Et quand serons-nous sages ? Jamais, jamais, jamais !…
La terre nourrit tout, la terre nourrit tout, les sages, les sages, la terre nourrit tout, la terre nourrit tout, les sages et les fous…
Les rondes, quand elles sont l’occasion de légitimer le vécu de l’enfant, les émotions et les sentiments qui n’ont pas d’autre reconnaissance sociale, deviennent parfois de joyeuses expériences curatives. Cette chanson en est une, elle le crie haut et fort, le rappelle aux adultes, le signale aux enfants : leur droit à « l’enfance », à la vie qui bouillonne en eux, à la bienveillance, leur droit à la différence, à la reconnaissance inconditionnelle de leur dignité …
Le mouvement de la danse va donner de la puissance au message. En posant la question, on « avance », le cercle, le groupe se resserre. La réponse est alors chantée haut et fort en frappant énergiquement des pieds sur la terre.
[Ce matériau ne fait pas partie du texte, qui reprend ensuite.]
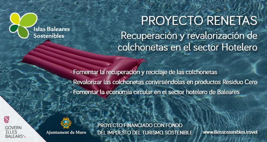 El proyecto Renetas está financiado por el Fondo del Impuesto de Turismo Sostenible. Esta iniciativa consiste en la recogida de colchonetas y flotadores, utilizados por los turistas, que no se pueden reciclar al estar fabricadas con PVC y la única solución para eliminar estos residuos es a través de la incineración.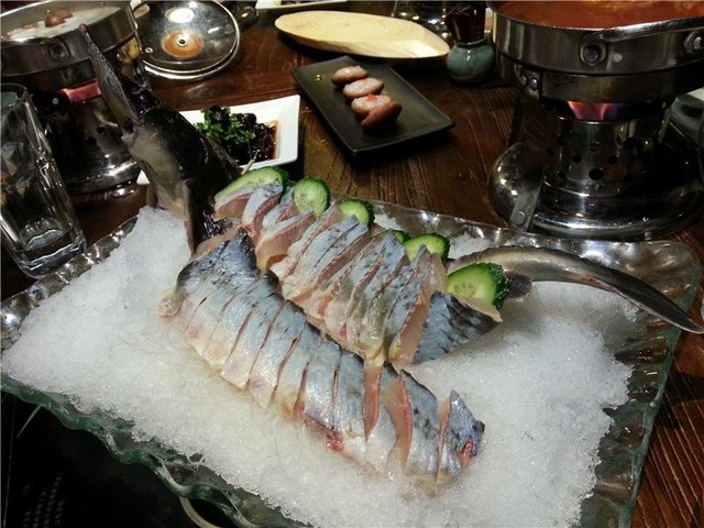 托盘挺大的,鱼摆在了冰上,虽然鱼片被片了下来,但鱼还是活的,觉得有些残忍。鱼不是很大,鱼片挺厚的,不过没有小刺,鱼肉吃着挺细腻的,但不是很鲜。

Ensuite, on revient à sa place en reposant la question « quand serons-nous sages ? ». La réponse est alors scandée et marquée une nouvelle fois : « Jamais, jamais, jamais ! »
Adultes et enfants il y a tant d’intensité, de joie et de conviction dans ce cri, dans vos cris, que je crois à la force et au soulagement que cela procure de pouvoir le dire haut et fort.
La danse continue… « La terre nourrit tout »… est chantée en tournant ensemble dans un joyeux pas de course ou de galop, en prenant soin de bien garder les mains reliées.
Dans la nécessité de tenir compte des autres pour arriver à danser ensemble peut se vivre, au delà des mots, une expérience positive de solidarité, de coopération, de fraternité. De démocratie aussi. Pour que le cercle existe, chacun y a sa place. Les plus forts, plus agiles, plus rapides apprennent à être attentifs aux plus fragiles qui sinon, risquent d’être lâchés, éjecté de la ronde et d’être alors blessés, même involontairement. La danse apprend ainsi à prendre soin à la fois de soi et des autres.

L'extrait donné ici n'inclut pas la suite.